The model accurately reproduced APAP pharmacokinetic measures for rats, mice, and humans. Several key findings concerning APAP induced DILI have already been identified. The depletion of 3'-phosphoadenosine-5'-phosphosulfate (PAPS) is crucial to accurately reproducing the sulfation pathway in rats. Metabolism differences across species explain much of the variation in species specific susceptibility to APAP induced DILI. In-depth comparisons were also made between rats and mice with regard to their ability to re-synthesize GSH after GSH depletion. The use of N-acetyl-cysteine (NAC) as a treatment for APAP overdose was incorporated into the model, and treatment times were analyzed and compared to standard clinical practices to predict optimal NAC use.

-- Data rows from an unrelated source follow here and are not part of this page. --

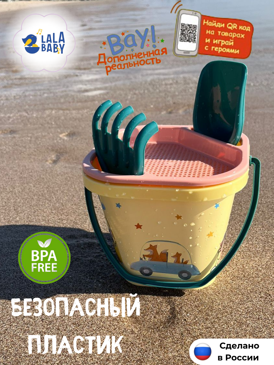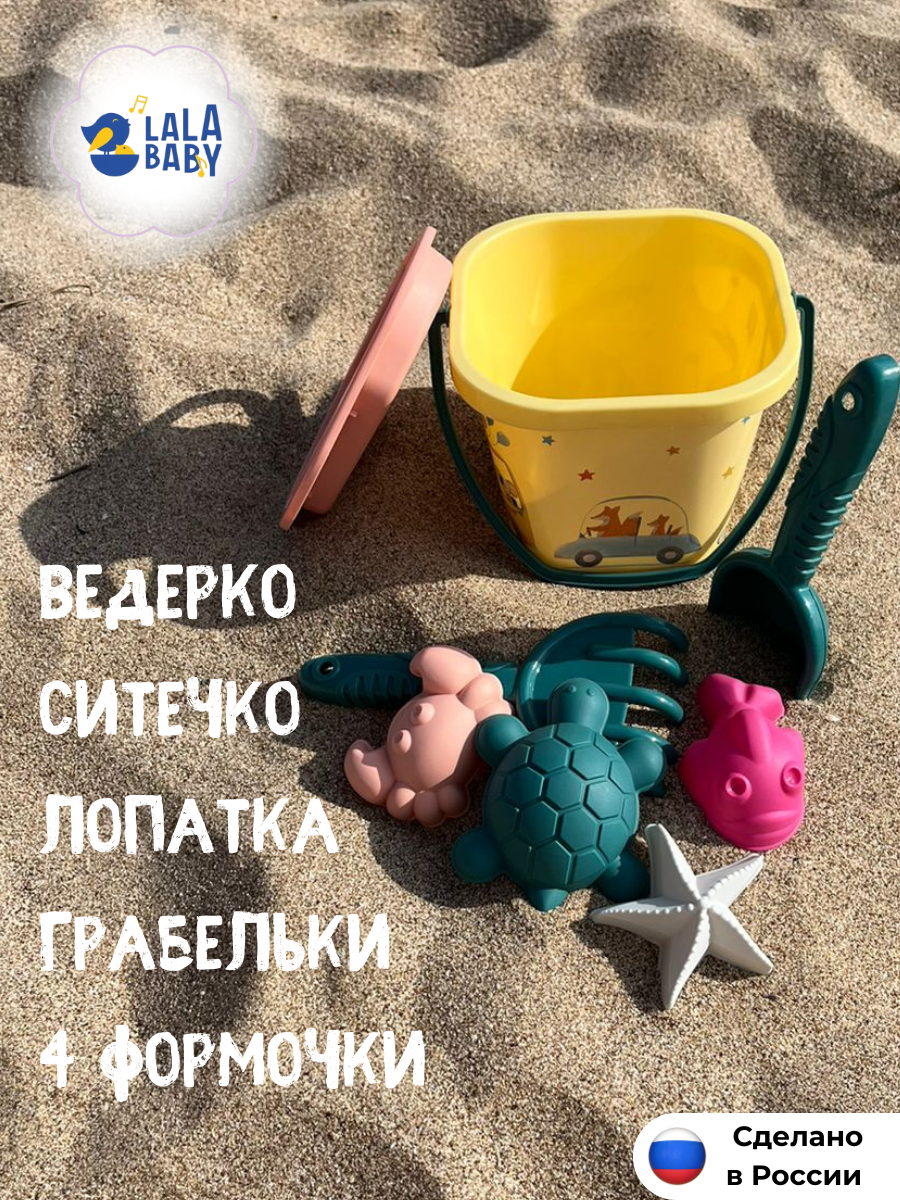 Песочный набор. Ведерко, сито, совочек, грабельки, 4 формочки LA115512573 Lalababy 9610325 1 257 ₽
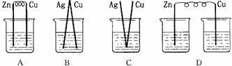 27.下列烧杯中盛放的都是稀硫酸,在铜电极上能产生大量气泡的是
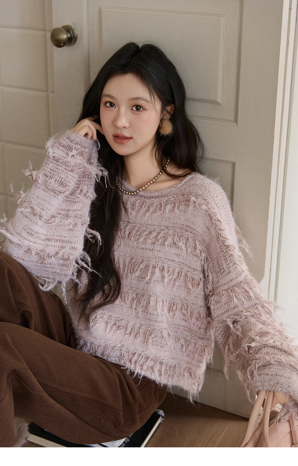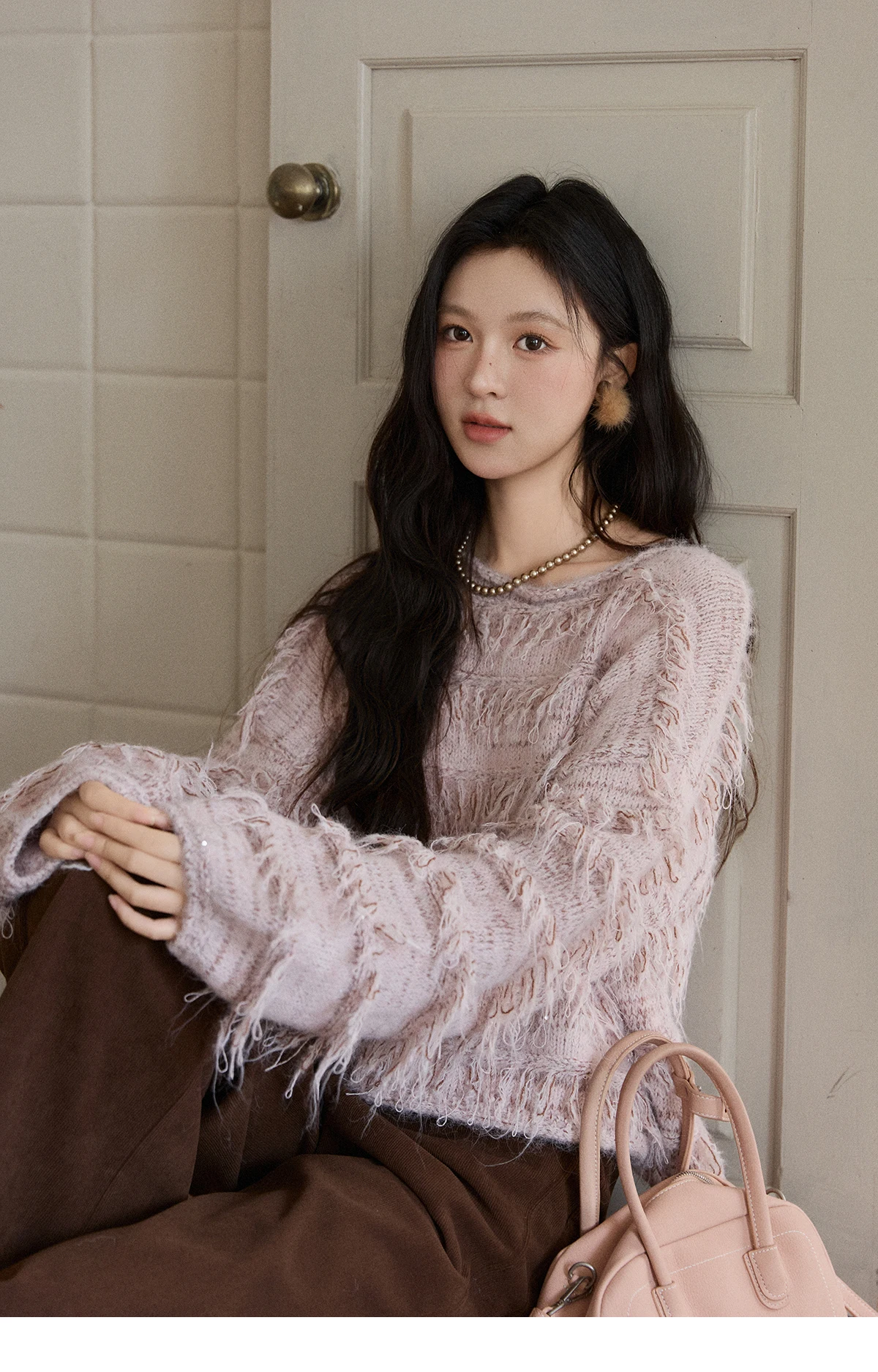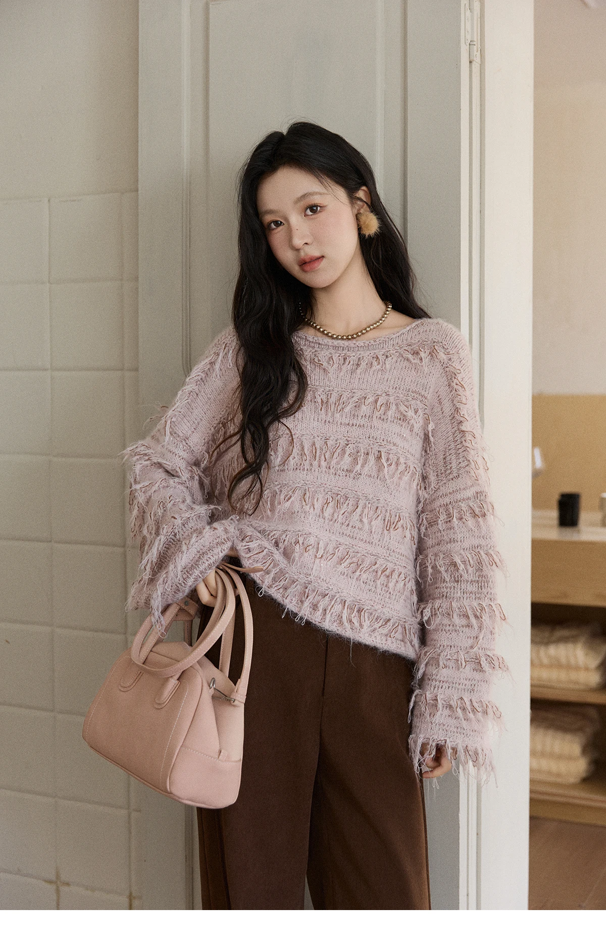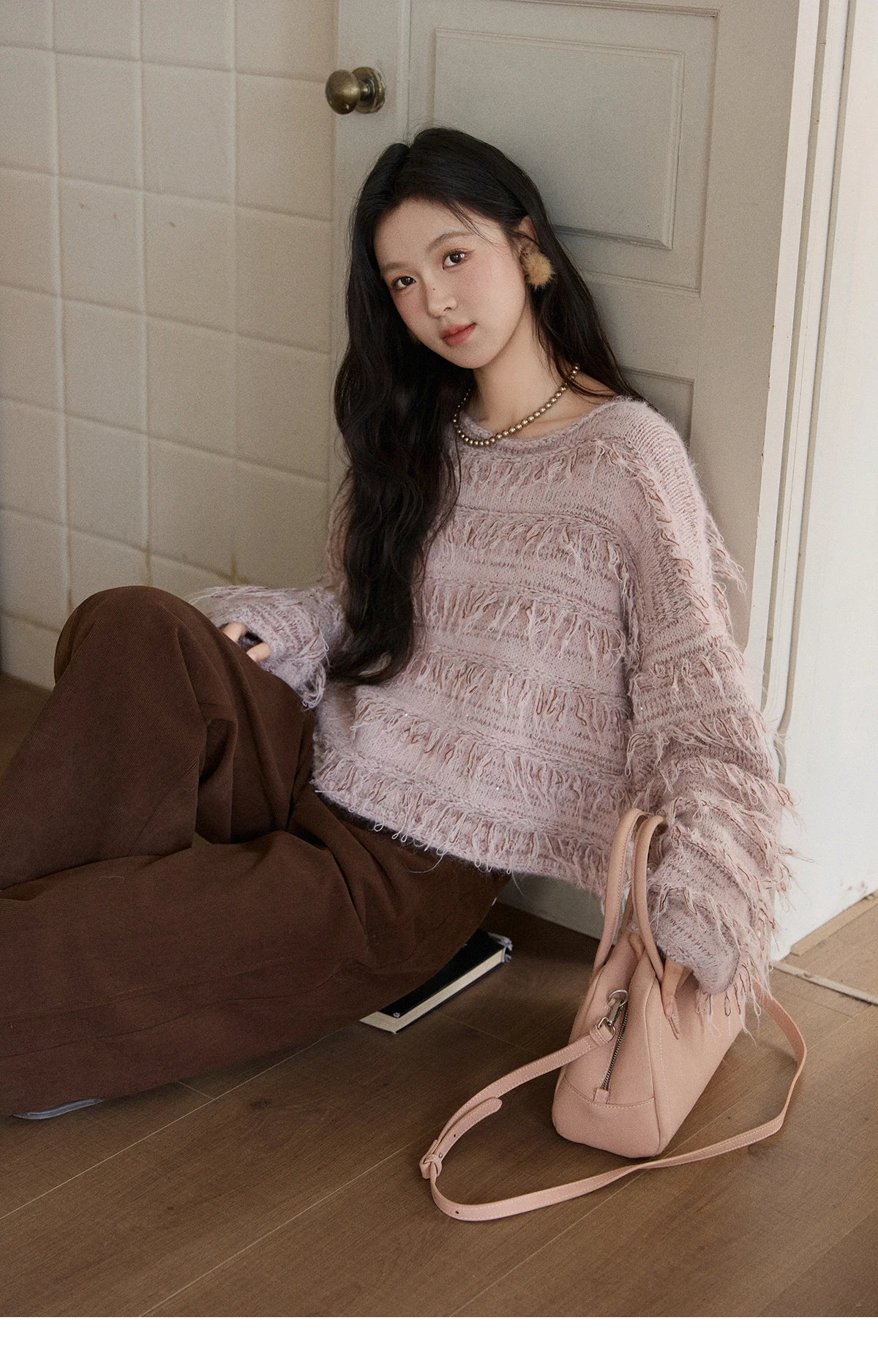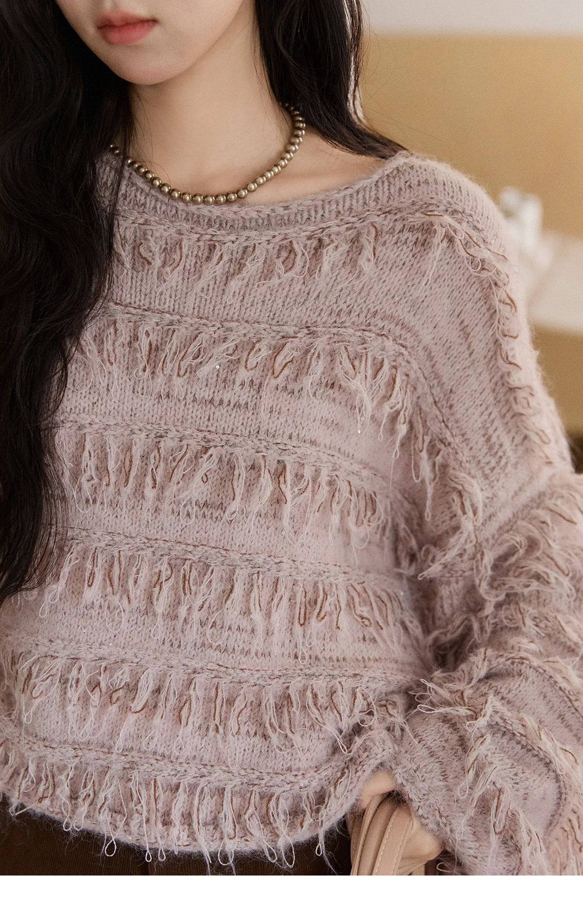 MISHOW Tassel Bead Wool Blended Sweater Autumn Winter 2025 Elegant Thick Knitted Sweater Loose Warm Tops Office Lady MXE90Z2822

Finally, the model was used to successfully predict the species differences in hepatotoxicity of methapyrilene using in vitro to in vivo extrapolation. The absorption, distribution, and metabolism of methapyrilene were estimated from the physical characteristics of the compound and in vitro metabolism. The model correctly predicted that rats would be less sensitive to acetaminophen than mice or humans, but most sensitive to methapyrilene. A parametric search for in silico rats, mice, and humans susceptible to methapyrilene DILI predicted that methapyrilene would cause very little hepatotoxicity in humans. This finding agrees with clinical reports.